PADRES LLEVAN A SU HIJA A ROBAR EN CALLES CON MODALIDAD DEL COSQUILLEO

Foto: Captura de pantalla
  • Padres inducen a su hija adolescente a robar en calles con modalidad del cosquilleo.

  • Familia atrapada tras múltiples hurtos urbanos, grabados y denunciados por víctimas indignadas.

POR: EL POLIDEPORTIVO

Cartagena De Indias, D.T. y C. -07:45 pm.

El relato de esta familia dedicada al cosquilleo se convierte en una radiografía brutal de cómo la miseria y la falta de oportunidades pueden transformarse en un teatro del delito. La escena inicial parece sacada de una narración costumbrista: un hombre ingenuo, cargado de bolsas, se detiene a ayudar a una mujer que le pide una dirección. Ese gesto de confianza es el detonante de la trampa. Mientras la madre entretiene, la hija roba y el padre dirige la función. Una coreografía del engaño que se repite como rutina diaria.
La hija, apenas 19 años, se convierte en aprendiz del delito. La madre, especialista en el arte del cosquilleo, perfecciona la técnica de distracción. El padre, maestro de fechorías, entrena a su familia como si se tratara de un oficio heredado. El diálogo registrado es demoledor: “¿Dónde está el celular, hermano?”, increpa la víctima. El padre responde con resignación: “La cosa está difícil, bastante complicada”. Una confesión disfrazada de excusa, un intento de justificar lo injustificable.
Familia completa grabada en múltiples hurtos callejeros bajo engaños del cosquilleo.
Familia completa grabada en múltiples hurtos callejeros bajo engaños del cosquilleo.

Una coreografía del delito urbano

El celular robado, un iPhone, se convierte en el testigo silencioso que los delata. Su localizador señala la casa donde esconden los botines. Allí, entre evasivas y negaciones, los padres son confrontados: “¿Y ese es el ejemplo que usted le está dando a su hija?”. La pregunta retumba como sentencia moral más dura que cualquier cárcel.
La policía confirma que la familia ha participado en más de 1500 robos de dispositivos móviles. La evidencia es abrumadora, pero lo más devastador es la exposición pública de un hogar que convirtió el delito en rutina.

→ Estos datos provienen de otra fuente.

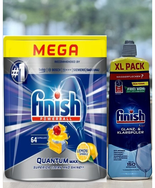 Combo: Viên rửa bát Finish 64 viên +Muối rửa bát finish 1.5kg cho Máy rửa bát chén là bộ 3 sản phẩm đầy đủ chức năng nhất hiện nay Là combo chất tẩy rửa "Đơn giản và Hiệu quả", thương hiệu của CHLB Đức Viên rửa bát Finish 64 viên: là viên rửa bát Trọng Lượng Nhỏ 5g. Tuy nhiên đối với những vùng có nước nặng, nhiều kim loại, hãng Finish khuyến cáo nên sử dụng thêm sản phẩm Muối làm mềm nước và bóng để bảo vệ máy khỏi cặn vôi giúp nâng cao tuổi thọ của máy rửa bát. Viên rửa bát Finish 64 viên chuyên dùng cho máy

El celular que los delató finalmente

El cronista infiltrado recupera las pertenencias y expone la crudeza de una familia atrapada en su propio teatro de engaños. La hija, avergonzada, promete estudiar. El padre, derrotado, jura cambiar de vida. La madre acepta la vergüenza pública. El desenlace, sin embargo, es inesperado: el denunciante decide perdonar, con una advertencia. “Si los vuelvo a ver allá en el centro haciendo sus fechorías, vénganlo por seguro que los meto a la cárcel”.
Este relato, mezcla de crónica, narración y denuncia, deja al descubierto la crudeza de una ciudad donde la necesidad se convierte en excusa y el delito en rutina. Una familia entera, atrapada en su propio teatro de engaños, quedó expuesta ante la mirada crítica de una sociedad que ya no tolera el robo como forma de subsistencia. La historia no es solo un registro policial, es un espejo incómodo de cómo la desesperación puede degenerar en crimen y cómo la complicidad familiar puede arruinar el futuro de una hija que aún tenía la posibilidad de elegir otro camino.